Knesset Approves First Reading of New Infiltrators Law
The Knesset approved on Monday evening the first reading of the law to prevent infiltration of illegal immigrants, presented by Interior Minister Gideon Saar (Likud-Yisrael Beytenu).
The purpose of the law is to prevent the entry of illegal infiltrators into Israel's borders and add tools to deal with the phenomenon of the illegal infiltrators already residing in Israel.
The law, which was approved by the Cabinet last week, would allow police to jail illegal migrants for up to 12 months in special detention facilities.
The new law follows the cancellation of a previous law that allowed illegal migrants to be held for up to three years. That law was overturned by the High Court as unconstitutional. It is estimated the new law will cost 500,000 shekels ($140,000) to implement.
During the debate that preceded the vote, Minister Saar said that according to official United Nations estimates, there are more than 30 million Africans across the continent who are looking for a country to emigrate to.
"The equation is simple and brutal - If Israel becomes the liberal indicator in the West on dealing with illegal infiltrators - it will bring about the loss of the only Jewish state,” he declared.
“The onus is on us,” added Saar. “The responsibility does not lay on the human rights organizations. It also does not lay on the court. The responsibility to protect the borders of the state, its nature and its future lays on the elected government.”
Illegal entry to Israel from Africa has dropped by 99% since early 2012. In that time, Israel built a security barrier along its border with Egypt. In addition, the Sinai Peninsula, through which Bedouin smugglers brought citizens of various African and other countries to Israel, became the scene of a bloody ongoing battle between the Egyptian military and local crime gangs and terrorist groups.

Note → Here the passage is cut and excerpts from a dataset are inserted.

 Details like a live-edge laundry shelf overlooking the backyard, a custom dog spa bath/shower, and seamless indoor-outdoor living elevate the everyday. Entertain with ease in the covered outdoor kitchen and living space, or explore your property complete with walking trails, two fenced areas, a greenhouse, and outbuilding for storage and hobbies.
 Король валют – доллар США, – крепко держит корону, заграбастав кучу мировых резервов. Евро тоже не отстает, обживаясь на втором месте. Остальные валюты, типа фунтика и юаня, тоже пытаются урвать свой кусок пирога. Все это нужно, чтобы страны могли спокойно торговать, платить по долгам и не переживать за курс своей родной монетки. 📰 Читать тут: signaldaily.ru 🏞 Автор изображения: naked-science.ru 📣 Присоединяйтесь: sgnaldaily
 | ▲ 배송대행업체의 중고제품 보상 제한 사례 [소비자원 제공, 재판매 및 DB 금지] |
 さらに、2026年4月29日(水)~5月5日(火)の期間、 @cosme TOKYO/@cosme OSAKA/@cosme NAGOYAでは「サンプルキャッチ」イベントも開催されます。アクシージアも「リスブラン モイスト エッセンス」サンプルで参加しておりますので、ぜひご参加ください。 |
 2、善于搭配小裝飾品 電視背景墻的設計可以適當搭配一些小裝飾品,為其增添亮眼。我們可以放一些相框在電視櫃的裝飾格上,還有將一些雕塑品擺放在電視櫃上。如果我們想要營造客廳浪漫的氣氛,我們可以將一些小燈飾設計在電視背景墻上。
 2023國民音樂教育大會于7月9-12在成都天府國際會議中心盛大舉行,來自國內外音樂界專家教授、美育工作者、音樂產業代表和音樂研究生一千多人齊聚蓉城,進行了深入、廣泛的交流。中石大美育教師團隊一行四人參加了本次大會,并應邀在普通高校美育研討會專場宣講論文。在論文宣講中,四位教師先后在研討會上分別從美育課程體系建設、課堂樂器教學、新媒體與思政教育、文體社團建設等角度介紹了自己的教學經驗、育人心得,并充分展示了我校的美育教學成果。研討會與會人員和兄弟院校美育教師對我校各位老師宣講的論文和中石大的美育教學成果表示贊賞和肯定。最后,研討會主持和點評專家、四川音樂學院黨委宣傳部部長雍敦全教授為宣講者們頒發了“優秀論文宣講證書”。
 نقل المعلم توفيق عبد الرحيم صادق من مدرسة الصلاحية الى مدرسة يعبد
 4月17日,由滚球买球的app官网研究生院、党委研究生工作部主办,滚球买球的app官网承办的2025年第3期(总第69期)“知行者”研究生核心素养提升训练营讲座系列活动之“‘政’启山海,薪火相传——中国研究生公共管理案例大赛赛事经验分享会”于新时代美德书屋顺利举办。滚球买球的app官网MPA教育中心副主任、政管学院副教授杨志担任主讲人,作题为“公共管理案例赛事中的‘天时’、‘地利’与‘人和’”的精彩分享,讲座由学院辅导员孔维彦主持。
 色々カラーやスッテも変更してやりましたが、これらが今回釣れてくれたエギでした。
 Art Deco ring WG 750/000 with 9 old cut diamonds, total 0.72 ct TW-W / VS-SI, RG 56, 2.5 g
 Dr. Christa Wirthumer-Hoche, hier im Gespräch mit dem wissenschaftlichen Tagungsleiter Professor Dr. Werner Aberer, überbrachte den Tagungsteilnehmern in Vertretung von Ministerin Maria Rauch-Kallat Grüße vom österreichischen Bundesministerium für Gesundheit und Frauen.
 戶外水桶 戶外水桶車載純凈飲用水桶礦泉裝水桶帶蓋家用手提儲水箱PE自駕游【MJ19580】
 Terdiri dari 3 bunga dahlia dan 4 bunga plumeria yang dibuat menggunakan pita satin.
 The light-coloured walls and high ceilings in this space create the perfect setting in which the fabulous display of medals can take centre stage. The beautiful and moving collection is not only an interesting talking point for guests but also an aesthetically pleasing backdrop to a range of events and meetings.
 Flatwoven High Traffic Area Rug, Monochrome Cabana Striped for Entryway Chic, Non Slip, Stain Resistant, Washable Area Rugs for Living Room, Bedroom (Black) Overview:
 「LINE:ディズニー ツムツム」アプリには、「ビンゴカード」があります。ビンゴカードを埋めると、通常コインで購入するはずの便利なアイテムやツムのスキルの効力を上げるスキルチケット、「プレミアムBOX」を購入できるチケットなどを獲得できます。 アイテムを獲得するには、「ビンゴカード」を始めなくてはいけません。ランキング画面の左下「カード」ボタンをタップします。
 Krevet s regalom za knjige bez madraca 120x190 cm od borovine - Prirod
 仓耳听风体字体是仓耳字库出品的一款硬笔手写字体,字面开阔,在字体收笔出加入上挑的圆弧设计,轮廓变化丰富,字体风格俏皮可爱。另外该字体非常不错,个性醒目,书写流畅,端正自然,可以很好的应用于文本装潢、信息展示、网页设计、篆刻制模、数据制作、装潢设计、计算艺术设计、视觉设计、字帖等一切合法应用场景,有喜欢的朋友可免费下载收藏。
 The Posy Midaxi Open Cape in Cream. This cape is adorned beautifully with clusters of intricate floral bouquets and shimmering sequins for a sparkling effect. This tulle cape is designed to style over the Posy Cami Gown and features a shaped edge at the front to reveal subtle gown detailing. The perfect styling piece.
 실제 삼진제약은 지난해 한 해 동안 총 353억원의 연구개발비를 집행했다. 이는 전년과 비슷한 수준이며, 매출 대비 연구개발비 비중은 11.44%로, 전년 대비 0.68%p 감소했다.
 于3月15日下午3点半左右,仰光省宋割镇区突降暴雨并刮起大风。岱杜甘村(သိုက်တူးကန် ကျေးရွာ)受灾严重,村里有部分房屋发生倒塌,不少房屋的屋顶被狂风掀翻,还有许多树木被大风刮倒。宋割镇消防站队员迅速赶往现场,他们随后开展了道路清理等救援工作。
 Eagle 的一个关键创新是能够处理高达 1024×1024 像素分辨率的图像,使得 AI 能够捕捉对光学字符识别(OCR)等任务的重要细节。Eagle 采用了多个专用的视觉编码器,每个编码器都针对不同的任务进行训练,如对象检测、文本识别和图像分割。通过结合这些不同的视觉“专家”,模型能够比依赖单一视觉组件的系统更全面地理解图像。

Illegal entrants continue to enter Israel from Palestinian Authority-controlled regions of Judea and Samaria, and the government has also struggled to deal with the problem of foreign workers who overstay their visas.
As expected, the law was slammed by leftist MKs. Meretz chairwoman Zehava Galon slammed the law as “an obscene law of which we should be ashamed” and said it was a “disgrace to the Knesset.” She also claimed that placing illegal aliens in special detention facilities stands in contrast to a High Court ruling which said that a person cannot be imprisoned without trial.
Responding to Galon’s remarks, Minister Saar said, “The statements made by the representatives of the opposition are nothing but a beautification of the problem and ignoring the harsh conditions under which infiltrators currently live. We will prioritize those infiltrators who have criminal records and who have no right to move freely around the cities of Israel."
He added, “You insist on leaving the State of Israel naked. We insist on protecting the State of Israel and we will succeed.”
MK Dov Khenin (Hadash) also slammed the law, saying, “What have we come down to? This country was founded by people who fled anti-Semitism. Where is the commandment, 'What is hateful to you do not do to your neighbor?’ You cannot deport refugees to Sudan and Eritrea.”
MK Galon was ejected from the plenum during the debate, after she interrupted MK Yariv Levin (Likud-Yisrael Beytenu).